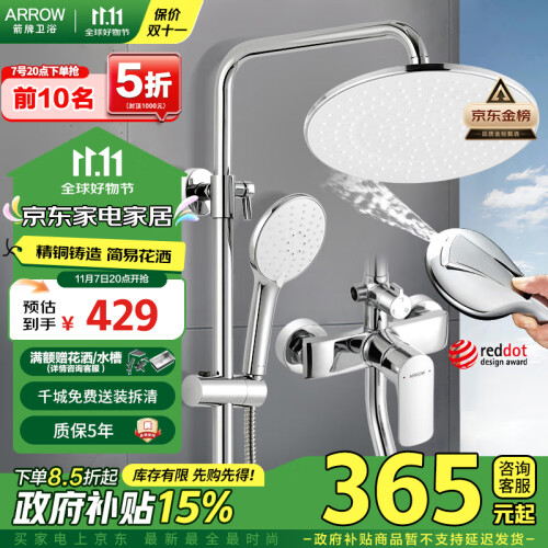 当前的位置: 首页 > 今日值得买 > 箭牌(ARROW)浴室淋浴花洒套装 红点奖增压淋浴喷头 沐浴淋雨淋浴器AE3354MS-P
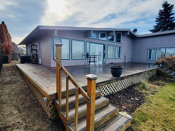 Enjoy a Columbia River view in your 2440sqft home on .48 acres! Mid Century Modern vibes with tons of natural light. 3beds & 2 full bath. Attached to the master bedroom is a sitting room that includes a bar/coffee station. Vehicle access to the back gives plentiful parking. Mature landscaping & timed underground sprinklers. Concrete pad in backyard is a tennis court; bring it back to life! Just a quick call or text to view.
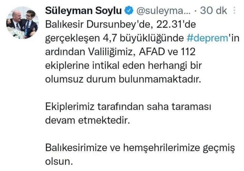 İçişleri Bakanı Süleyman Soylu, 4,7 büyüklüğündeki depremin meydana geldiği Balıkesir’e geçmiş olsun dileklerini ileterek, deprem bölgesinde herhangi bir olumsuzluk yaşanmadığını duyurdu.
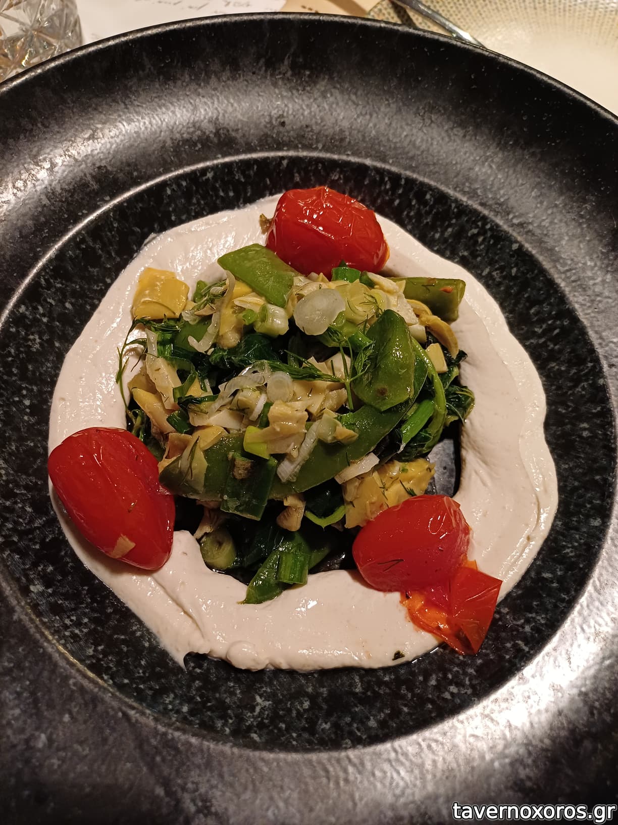 Καπνιστά χόρτα με φασολάκια και ταραμά (καλά)
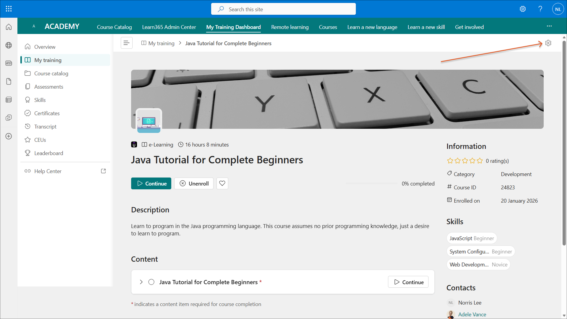 The cog icon for the menu is displayed on the training home page when a course or training plan is accessed via the left navigation bar on My Training Dashboard.
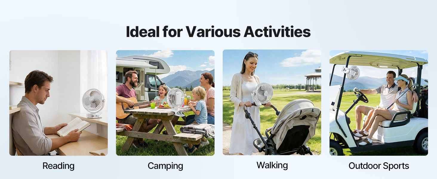 Silná svorka sa bezpečne pripevní k stolu, rámu postele, fitness zariadeniam alebo tyčiam stanu. Vďaka ABS puzdru sa tieto ventilátory s klipom ľahko používajú doma, v posilňovni alebo vonku, pričom kompaktný dizajn šetrí miesto na uskladnenie.
--------
Repeat the entries exactly as they are given, leaving out each image.

 当前的位置: 首页 > 今日值得买 > 箭牌(ARROW)浴室淋浴花洒套装 红点奖增压淋浴喷头 沐浴淋雨淋浴器AE3354MS-P
 Enjoy a Columbia River view in your 2440sqft home on .48 acres! Mid Century Modern vibes with tons of natural light. 3beds & 2 full bath. Attached to the master bedroom is a sitting room that includes a bar/coffee station. Vehicle access to the back gives plentiful parking. Mature landscaping & timed underground sprinklers. Concrete pad in backyard is a tennis court; bring it back to life! Just a quick call or text to view.
 İçişleri Bakanı Süleyman Soylu, 4,7 büyüklüğündeki depremin meydana geldiği Balıkesir’e geçmiş olsun dileklerini ileterek, deprem bölgesinde herhangi bir olumsuzluk yaşanmadığını duyurdu.
 Καπνιστά χόρτα με φασολάκια και ταραμά (καλά)
 The cog icon for the menu is displayed on the training home page when a course or training plan is accessed via the left navigation bar on My Training Dashboard.
 Silná svorka sa bezpečne pripevní k stolu, rámu postele, fitness zariadeniam alebo tyčiam stanu. Vďaka ABS puzdru sa tieto ventilátory s klipom ľahko používajú doma, v posilňovni alebo vonku, pričom kompaktný dizajn šetrí miesto na uskladnenie.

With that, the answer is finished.